School of Public Health   University of Washington Department of Health Services

Emerging Infections

HOME

List of
Lectures


Topic:

From Hemorrhagic Fevers to International Health Regulations:
the WHO Role in Emerging Infections

Speaker: Dr. David Heymann

Dr. David Heymann is the Director of the Cluster of Communicable Disease Programmes at WHO/Geneva. He is a Physician, and holds a DTMH from the London School of Hygiene and Tropical Medicine. He has been a career CDC officer for 24 years, and has worked with the WHO Smallpox Eradication Program, various ministries of health in Africa and Asia, and with the WHO Global Program on AIDS.

OVERVIEW

WHO is the CDC for the world, doing internationally what the CDC does domestically. WHO 1) provides guidance, 2) creates consensus and 3) provides policy suggestions. WHO's mandate within its Member States is to give guidance: we influence national health policy as the CDC influences policy in individual states.

WHO's Division of Emerging and other Communicable Diseases (EMC) was created 3 years ago following the international turmoil caused by plague in India and the Ebola outbreak in Zaire.

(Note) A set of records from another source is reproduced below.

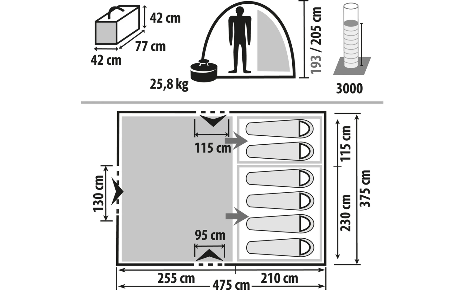 | Zelthöhe bis | 205 cm |
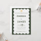Ce Faire-part de mariage moderne et verdoyant allie élégance contemporaine et ambiance boho rétro. Les vagues fluides et douces dans une palette verte apaisante créent une atmosphère tranquille mais élégante, idéale pour les couples qui apprécient les dessins inspirés de la nature avec une touche moderne. La combinaison d'éléments tendance et d'une atmosphère boho vintage fait de cette invitation un choix unique pour votre journée de mariage, offrant une esthétique chic et détendue. Idéal pour les couples à la recherche d'une façon mémorable et branchée d'invitation leurs proches à une célébration remplie d'amour, de chaleur et de charme moderne.
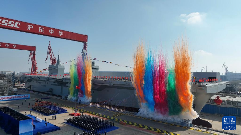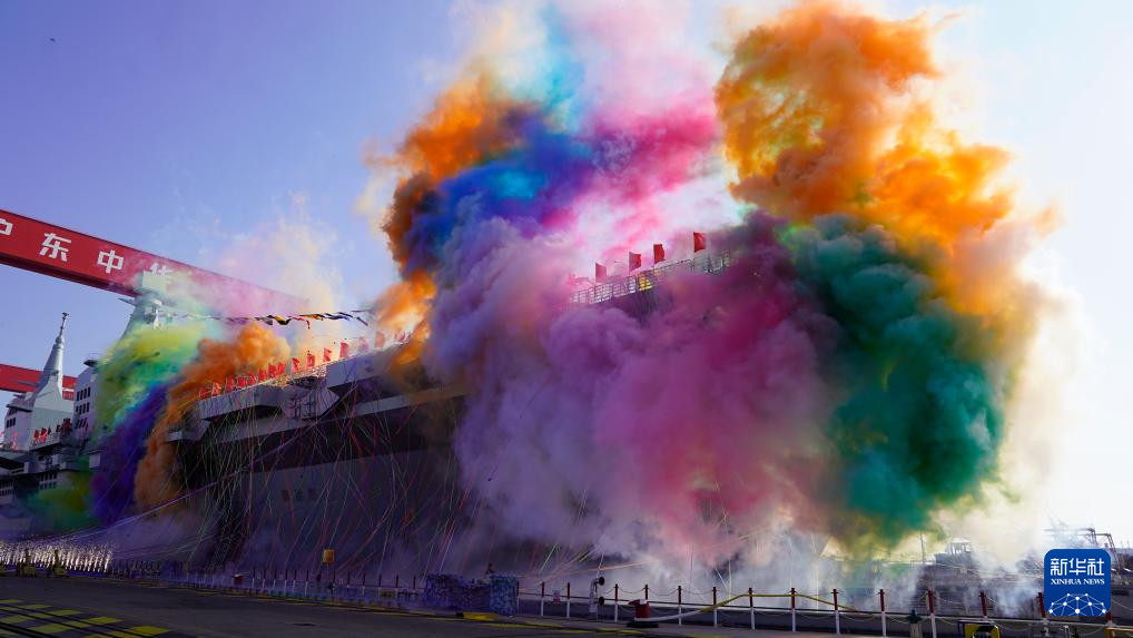12月27日上午,我国自主研制建造的076两栖攻击舰首舰下水命名仪式在上海举行。新华社发(万永康 摄)

The Division brought together expertise in disease surveillance and viral, bacterial and zoonotic diseases (diseases of animals potentially transmissible to humans) to address the problem of emerging and re-emerging communicable diseases that could become international threats to public health. Our first task was to identify what emerging diseases are and the nature of the global situation, and then to build a program to address these problems.